Incêndio destrói 2 mil inquéritos em três delegacias do Rio

Flávia Salme, JB Online

RIO - Um prejuízo estimado em R$ 50 mil e mais de 2 mil inquéritos policiais queimados. Este foi o balanço preliminar do incêndio que atingiu, na madrugada de desta sexta-feira, três delegacias em São Cristóvão (Zona Norte). Foram necessários 40 mil litros de água para debelar as chamas, em um trabalho que durou mais de cinco horas e mobilizou soldados de dois quartéis do Corpo de Bombeiros, de Benfica e de Vila Isabel. Ninguém ficou ferido.

A Polícia Civil afirma que somente a Delegacia de Repressão aos Crimes contra a Propriedade Imaterial (DRCPIM) foi totalmente destruída. A unidade será transferida, provisoriamente, para o bairro de Santo Cristo, onde será instalada no antigo prédio da Polinter, na Rua Silvino Montenegro. A previsão é de que a delegacia permaneça no local até meados de 2010, quando será inaugurada a Cidade da Polícia projeto que irá reunir todas as delegacias especializadas em um terreno da Avenida Suburbana, perto do Jacarezinho.

Investigações preliminares apontam que o incêndio pode ter sido originado por um curto-circuito no depósito onde eram armazenados produtos piratas apreendidos nas operações policiais. Mas a hipótese de uma ação criminosa também será investigada.

A perícia já está sendo feita e, ao que tudo indica, (o incêndio) não foi criminoso. Foi apenas um curto-circuito mesmo avaliou o delegado Eduardo Freitas, da Delegacia de Defesa Serviços Delegados (DDSD), que foi parcialmente atingida, assim como a Delegacia de Proteção ao Meio Ambiente (DPMA). Ontem, as duas unidades funcionaram normalmente. O laudo da perícia deve ficar pronto em 30 dias.

Ainda segundo a polícia, no momento em que o fogo começou alguns agentes faziam um churrasco no pátio. Mas a possibilidade de esta tenha sido a causa do incêndio está descartada, já que os policiais estavam a mais de 50 metros de onde o fogo começou.

Investigações serão salvas

Segundo o delegado Raul Morgado, da DRCPIM, o levantamento inicial revela que cerca de 2 mil inquéritos foram queimados no incêndio. Morgado, no entanto, garantiu que não haverá prejuízo nas investigações, porque o material apurado já tinha sido lançado no sistema de arquivo da Polícia Civil. A estimativa da polícia é recuperar no prazo de um mês todas as informações dos inquéritos.
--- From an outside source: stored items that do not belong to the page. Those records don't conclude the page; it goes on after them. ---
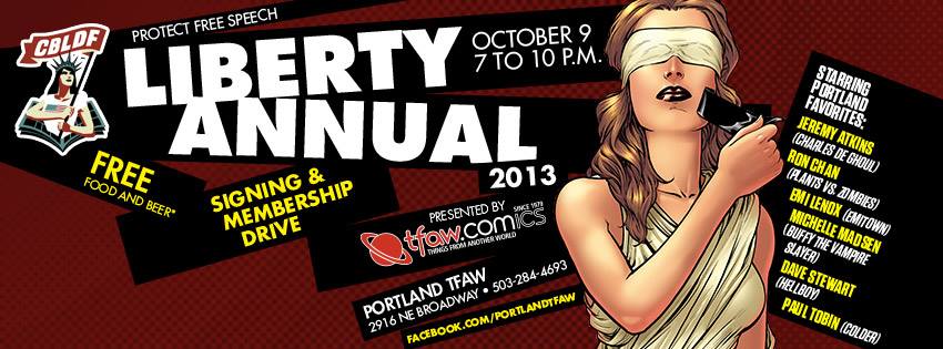 The Comic Book Legal Defense Fund has fought for the First Amendment Rights of the comics community since 1986. Now here’s your chance to join the fight for free speech at our CBLDF Liberty Annual 2013 signing and membership drive October 9 at the Portland TFAW.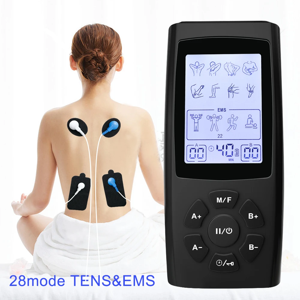 28 Modes Electric EMS Pulse Digital Physiotherapy Muscle Stimulator Acupuncture Tens Body Massage Therapy Slimming Massager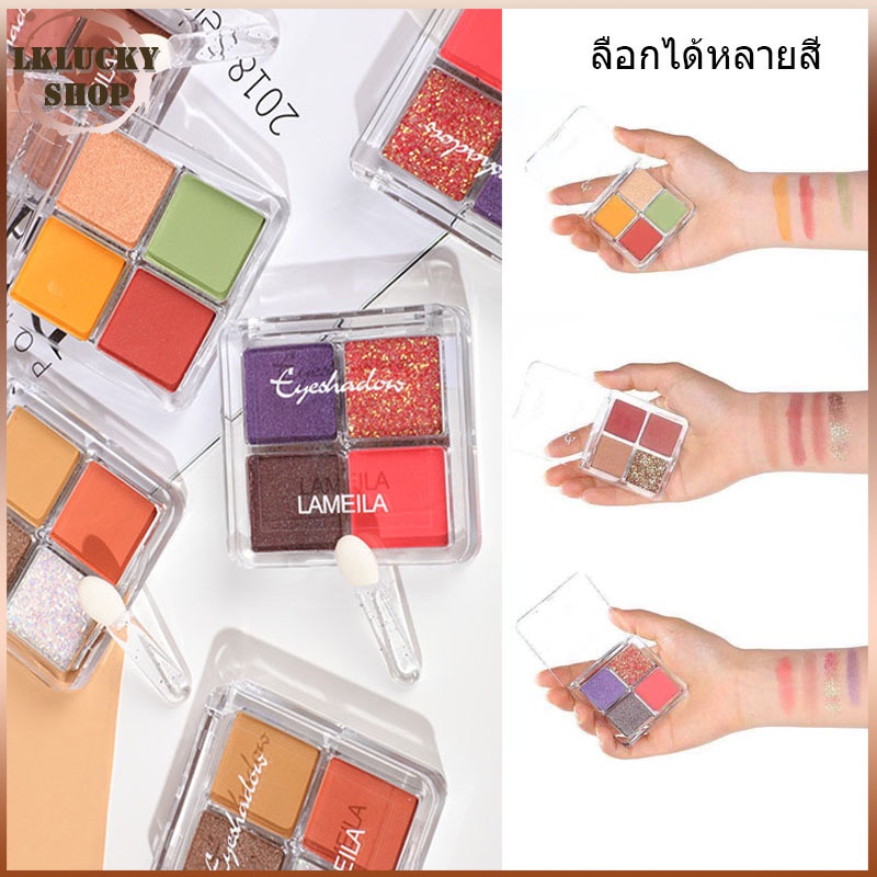 Lameila อายชาโดว์ พาเลทอายแชโดว์ 4 สี สีเป็นธรรมชาติ การแต่งหน้าติดทนนาน ประกายมุก เนื้อแมตต์ กลิตเตอร์(1297)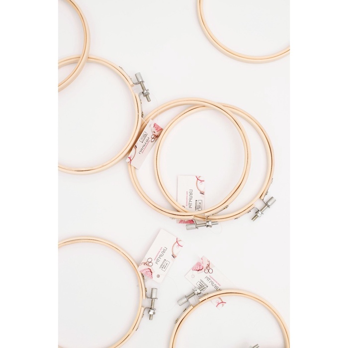 Натягивайте материал на деревянные пяльцы и закрепляйте его с помощью регулировочного винтика. Приспособление очень лёгкое, поэтому оно удобно в обращении. Благодаря текстуре дерева пяльцы не выскользнут из рук, а ткань будет надёжно закреплена.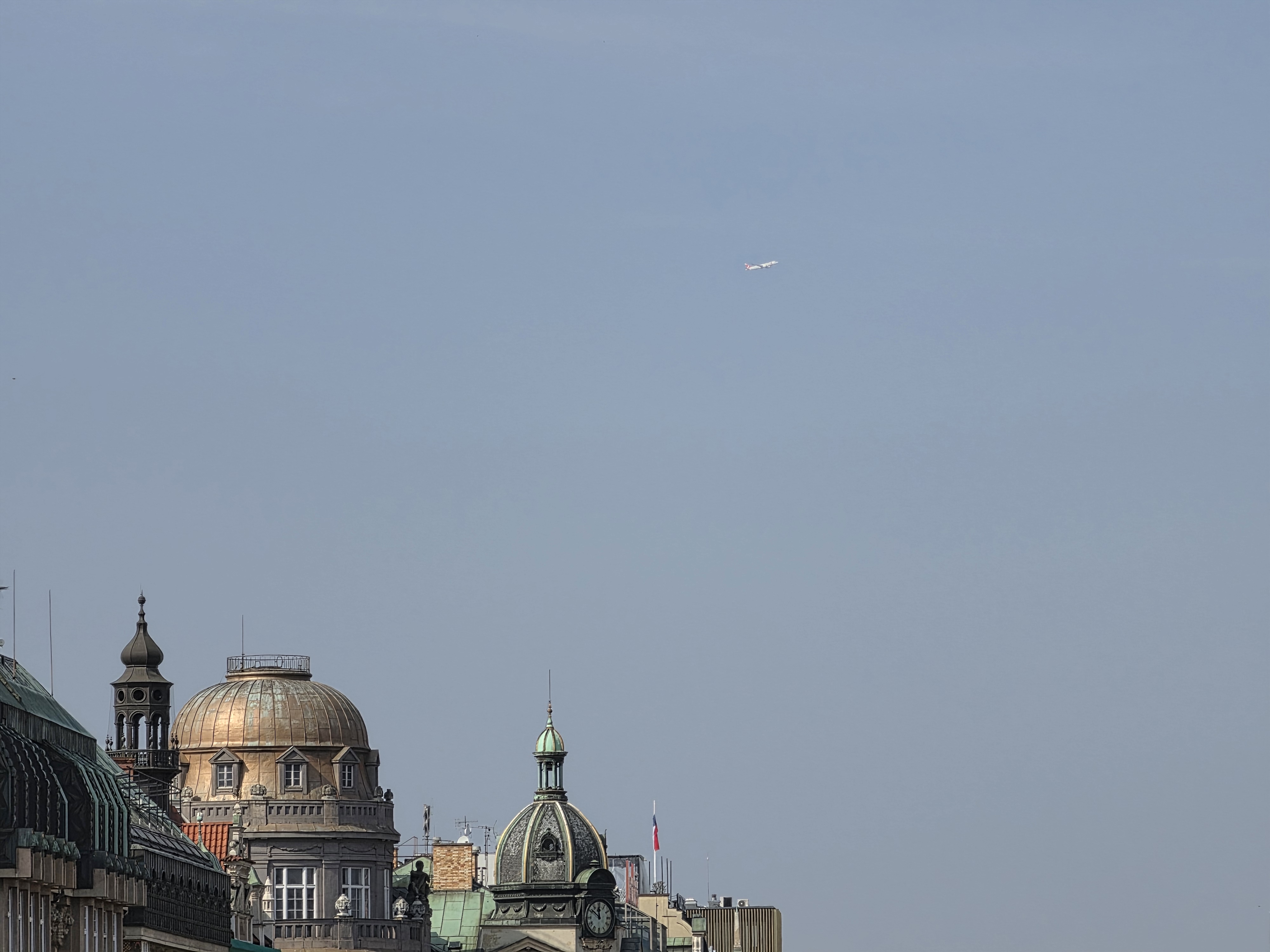 Zatímco na širokoúhlý záběr je třeba hledat ideální pohled, aby nebyl nudný a neukazoval až příliš mnoho nezajímavého, s postupným zoomováním se začnou dít věci. Fascinovalo mě, jak telefon i při vysokém přiblížení drží detaily – najednou vidíte struktury, které jsou pro běžného turistu s očima u země neviditelné. Dokonce se mi podařilo „ulovit“ i letadlo vysoko na obloze, které bylo na fotce stále jasně definováno, žádná rozmazaná šmouha.

Ainda ontem, o titular da DDSD esclareceu que as investigações conduzidas pela unidade que ele comanda não foram atingidas. Ao longo do dia, circulava a informação de que as chamas teriam destruído o material que apura os recentes problemas com os trens da SuperVia. Freitas, porém, afirma que o material está íntegro.

Vizinha chamou o socorro

De acordo com os bombeiros que controlaram as chamas, o incêndio teria começado no prédio da Delegacia de Repressão contra a Propriedade Imaterial, cujas instalações foram todas condenadas. Assustada com o volume de fumaça, uma moradora vizinha à delegacia acionou o Corpo de Bombeiros.

- As chamas atingiram o telhado, que não tinha laje. Ele cedeu, provocando fissuras nas paredes laterais. Toda a área precisou ser isolada - informou o comandante do Batalhão de Vila Isabel, Alexandre Tales.

Na manhã desta sexta-feira, ainda havia focos de incêndio, que foram rapidamente controlados.